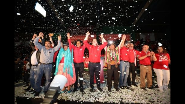 El candidato de BOLIVIA DICE NO (21F) a la Presidencia de Bolivia, Óscar Ortiz, fue proclamado por sus seguidores en un acto en el coliseo John Píctor Blanco de Santa Cruz, donde también asistieron representantes de organizaciones con las que se firmó acuerdos.»Evo sabe que solo nosotros podemos ganar estas elecciones. Por eso dejó que otros (candidatos) crecieran, porque sabía que tenían los pies de barro. Es muy fácil derrotar a un gobierno del pasado. Lo que es difícil es derrotar al futuro», expresó en su discurso.La organización política estima que cerca de 5.000 personas asistieron al evento que casi llenó el escenario deportivo. El gobernador Rubén Costas, Ernesto Justiniano, entre otros, también estuvieron presentes en la cita.Ortiz dijo que mientras otros discuten y twittean, ellos construyen unidad en el país, por lo que considera que son una alternativa real al candidato oficialista. «Hace cuatro meses nadie creía en nosotros; ahora ya somos la alternativa incluyente. La que sigue creciendo, la única que sigue creciendo. Nos quedan menos de cinco meses, pero en ese tiempo vamos a llevar esta alternativa de cambio a cada rincón de Bolivia. Que otros se queden mandando tuits, nosotros llegaremos a cada rincón del país para incluir a todos los bolivianos», manifestó.EL DEBER
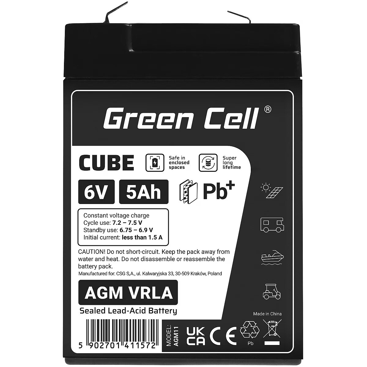 Green Cell CUBE AGM IP54 6V 5Ah VRLA Battery Gel deep cycle toys for kids alarm systems
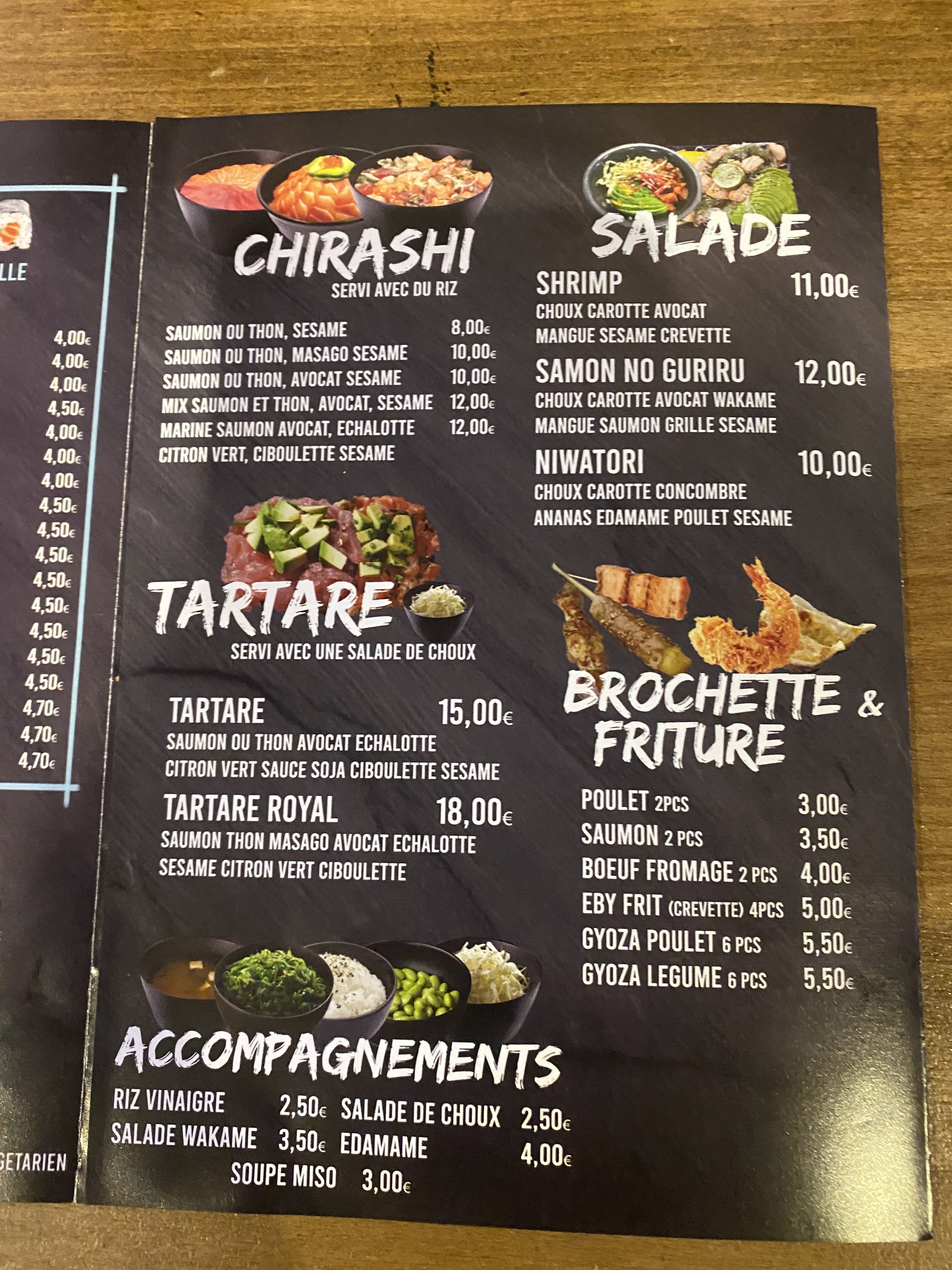 Délicieux Sushis et plats très bons prix très corrects et deux formules pour le midi en plus de la carte variée sur place ou a emporter Terrasse ombragée J y vais régulièrement avec plaisirs
+++
**DIRECTIONS FOR THIS TASK:** Counting the line with "Green Cell CUBE" and the last line of the data above, transcribe those two lines and every line between them exactly, without the pictures.

**TASK SOLUTION:**
 Green Cell CUBE AGM IP54 6V 5Ah VRLA Battery Gel deep cycle toys for kids alarm systems
 Délicieux Sushis et plats très bons prix très corrects et deux formules pour le midi en plus de la carte variée sur place ou a emporter Terrasse ombragée J y vais régulièrement avec plaisirs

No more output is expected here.